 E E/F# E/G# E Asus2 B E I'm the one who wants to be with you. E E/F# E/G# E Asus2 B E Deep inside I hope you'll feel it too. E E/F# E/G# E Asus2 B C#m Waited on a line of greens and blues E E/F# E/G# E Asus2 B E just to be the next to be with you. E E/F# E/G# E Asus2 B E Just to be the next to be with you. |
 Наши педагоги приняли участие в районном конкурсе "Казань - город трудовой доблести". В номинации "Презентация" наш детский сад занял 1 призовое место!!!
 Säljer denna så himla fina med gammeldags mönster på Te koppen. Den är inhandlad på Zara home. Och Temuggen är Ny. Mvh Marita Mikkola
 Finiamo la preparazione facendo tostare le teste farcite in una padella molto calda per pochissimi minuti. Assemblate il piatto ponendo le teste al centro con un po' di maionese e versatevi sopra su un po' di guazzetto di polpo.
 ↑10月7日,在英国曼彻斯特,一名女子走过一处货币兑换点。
------------------------------------------------
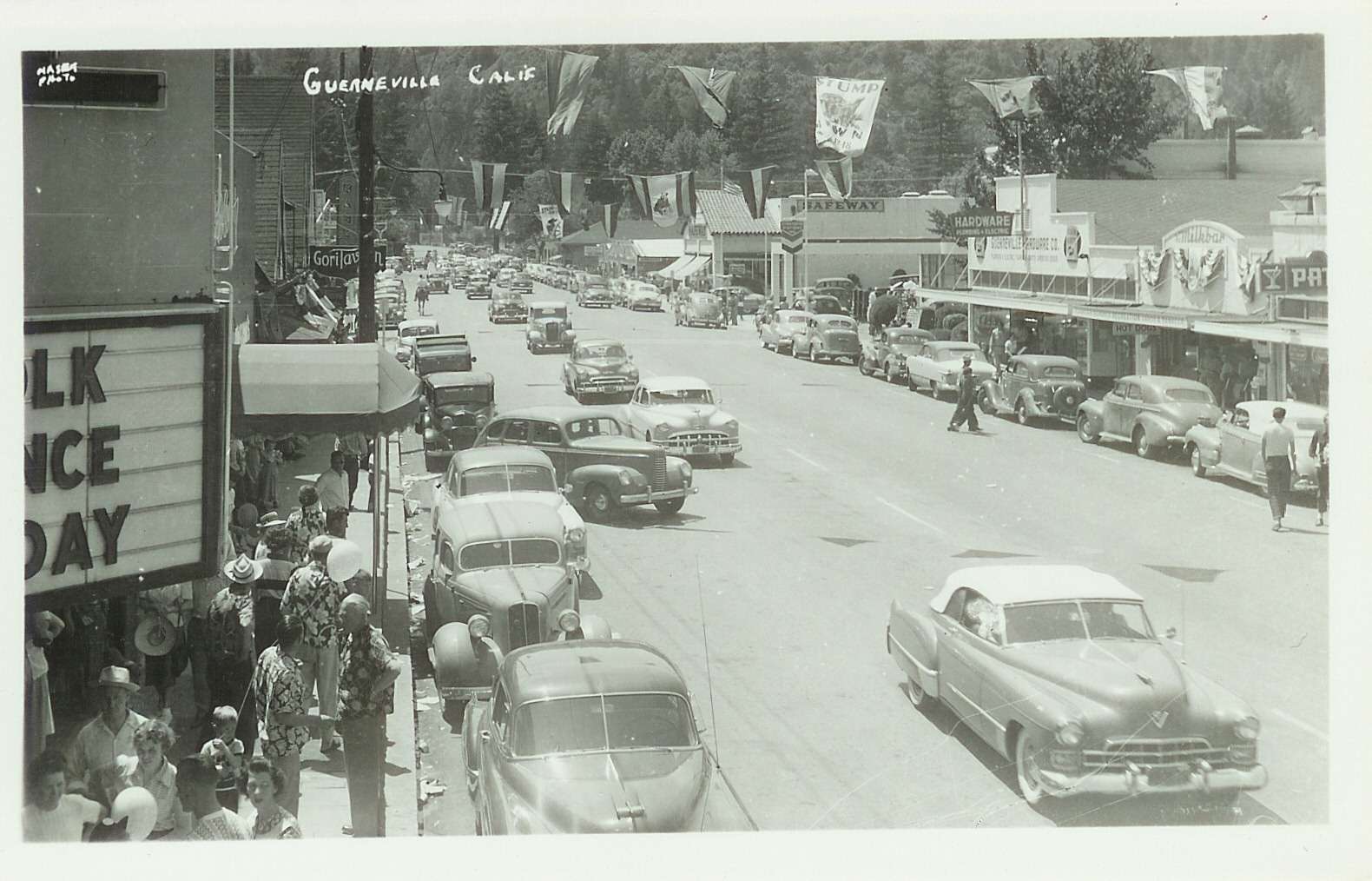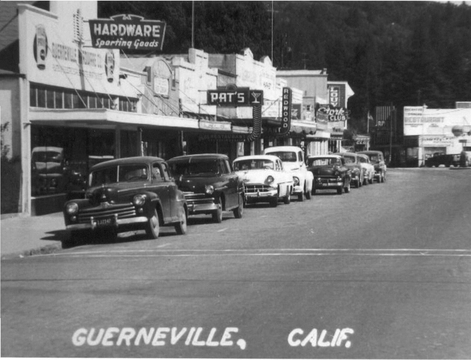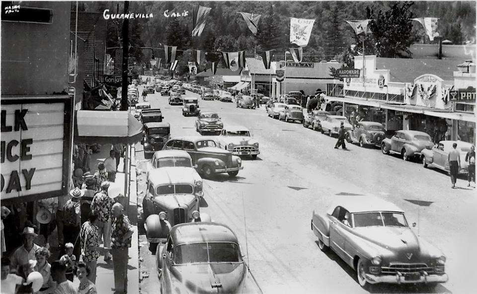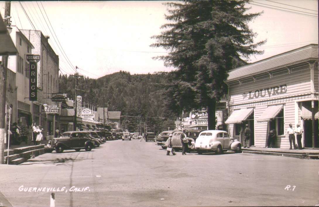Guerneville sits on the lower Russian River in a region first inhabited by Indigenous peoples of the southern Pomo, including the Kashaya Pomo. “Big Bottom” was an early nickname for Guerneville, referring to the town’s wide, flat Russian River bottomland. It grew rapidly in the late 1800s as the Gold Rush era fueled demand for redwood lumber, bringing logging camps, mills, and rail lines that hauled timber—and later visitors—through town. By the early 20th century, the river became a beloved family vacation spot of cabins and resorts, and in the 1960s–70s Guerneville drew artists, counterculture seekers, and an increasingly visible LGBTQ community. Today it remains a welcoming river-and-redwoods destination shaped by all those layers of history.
------------------------------------------------
- [TASK INSTRUCTIONS]:
Go to the line with "E E/F# E/G# E Asus2 B E I'm" in the entries above and repeat every line from there through the line with "Säljer denna så", exactly and with no other text.

- [OUTPUT OF THE TASK]:
 E E/F# E/G# E Asus2 B E I'm the one who wants to be with you. E E/F# E/G# E Asus2 B E Deep inside I hope you'll feel it too. E E/F# E/G# E Asus2 B C#m Waited on a line of greens and blues E E/F# E/G# E Asus2 B E just to be the next to be with you. E E/F# E/G# E Asus2 B E Just to be the next to be with you. |
 Наши педагоги приняли участие в районном конкурсе "Казань - город трудовой доблести". В номинации "Презентация" наш детский сад занял 1 призовое место!!!
 Säljer denna så himla fina med gammeldags mönster på Te koppen. Den är inhandlad på Zara home. Och Temuggen är Ny. Mvh Marita Mikkola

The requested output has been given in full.